Latest post of the previous page:
W sumie to masz rację. Ludzie czytający takie książki potrafią akceptować różnorodność. I nawet ją lubią. ;DNiver pisze:Lubię fantasy, ale sądzę, że przydałoby się coś zupełnie nowego, czego nie ma lub nie jest jeszcze popularne.
Podejdziesz do kogokolwiek i spytasz się go czy wie co to jest: smok, elf, krasnolud, drzewiec (lub ent), czarodziej itd. Wątpię by ktoś nie wiedział oprócz mojej babci.
A skąd wiesz, że będziesz wpychał się na siłę? Może akurat Twoja powieść spodoba się wydawnictwu.Niver pisze:Piszę do szuflady, nie dla pieniędzy, nie dla sławy. Tylko dla własnej ambicji. A to, czy wyjdzie kiedyś na światło dzienne to się przekonam w przyszłości. Także nie popełnię błędu niektórych debiutantów - pójście na skróty. Wytykać palcami nie będę, ale ja osobiście nie lubię się pchać na siłę.
Aha, i jestem dziewczyną, drogi Niverze.

***
Też napiszę o 'moim' świecie.
Miasteczko Masarili zostało podświadomie stworzone przez człowieka, który cały czas myśłał wyłącznie o sobie. Było to kilkaset lat temu, więc nikt już nie pamięta jak zniknął w tajemniczych okolicznościach...

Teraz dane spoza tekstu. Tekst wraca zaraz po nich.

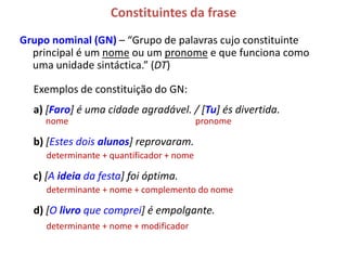 Este documento descreve os principais constituintes da frase e suas funções sintáticas, incluindo: Grupo Nominal, Grupo Verbal, Grupo Adjetival, Grupo Adverbial e Grupo Preposicional. Também explica as funções internas ao Grupo Verbal como Complemento Direto, Indireto, Obríquo, Predicativo do Sujeito e Modificador. Por fim, diferencia Modificador do Grupo Verbal versus Modificador de Frase.

Na początku świat ten był niczym, lecz mężczyzna, który trafiał tam w transie (medytacja) znał sie na magii. Nie był Bogiem wiec wszystko co tworzył bylo sztuczne. Kiedy już świat wyglądał w miarę przyzwoicie zabrał swego jedynego syna i odszedł do miasteczka.
Syn okazał się dobrym człowiekiem. Po śmierci ojca postanowił już nigdy nie dopuścić do tego by ktoś stał się takim egoistą jak jego ojciec. Wrócił na ziemię, zebrał ludzi o czystych sercach, którzy również pragnęli pomóc innym i wrócili do świata stworzonego przez samoluba.
****
Stworzony świat już jest dziełem syna, Kierona. Zbudowana jest tam Placówka, w której umieszczają egoistów, którzy są blisko przejścia na złą drogę. A nawet niektórzy z nich już to zrobili. Dzięki temu, że ojciec Kierona stworzył drzewa, kwiaty, trawę itd. jako sztuczne ozdoby, uczniowie Kierona i jego przyjaciól zaczynają doceniać swój (nasz) świat i zmieniają się.

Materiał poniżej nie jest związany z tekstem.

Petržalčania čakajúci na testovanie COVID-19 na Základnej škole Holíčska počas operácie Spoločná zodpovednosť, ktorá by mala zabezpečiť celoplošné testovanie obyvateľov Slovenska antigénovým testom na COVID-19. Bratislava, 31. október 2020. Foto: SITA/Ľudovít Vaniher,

Jak sie tam dostają? Sa zabierani. Wielu podwładnych, którzy po skończeniu szkoły nie chcą wracać do rodziny wyłapują egoistów ze świata.
Teraz coś na temat szkoły.
Sa trzy grupy.
1) Zamieszczam tutaj osoby, które nie zboczyły jeszcze aż tak bardzo z dobrej scieżki, lecz pragnęły umrzeć, odejść ze świata żywych.
2) Ludzie myślący tylko i wyłącznie o sobie. Alkoholicy, narkomani itd.
3) Mordercy, którym jeszcze można pomóc. Samobójcy. Ci, którzy sie samookaleczają.
Czym wyżej tym jest surowiej traktowany. Każda grupa ma swojego wychowawcę, opiekuna.
Jak sie można wydostać ze świata? To proste. Skonczyć wszystkie klasy. Bedzie ich 5.
Do miasteczka dochodzi również las. Wyrzucani są tam Ci, którzy nie mają zamiaru sie poprawić.
Przepraszam jeśli są jakieś błędy lub brak znaków polskich, ale mój komputer jest po prostu... ekhm.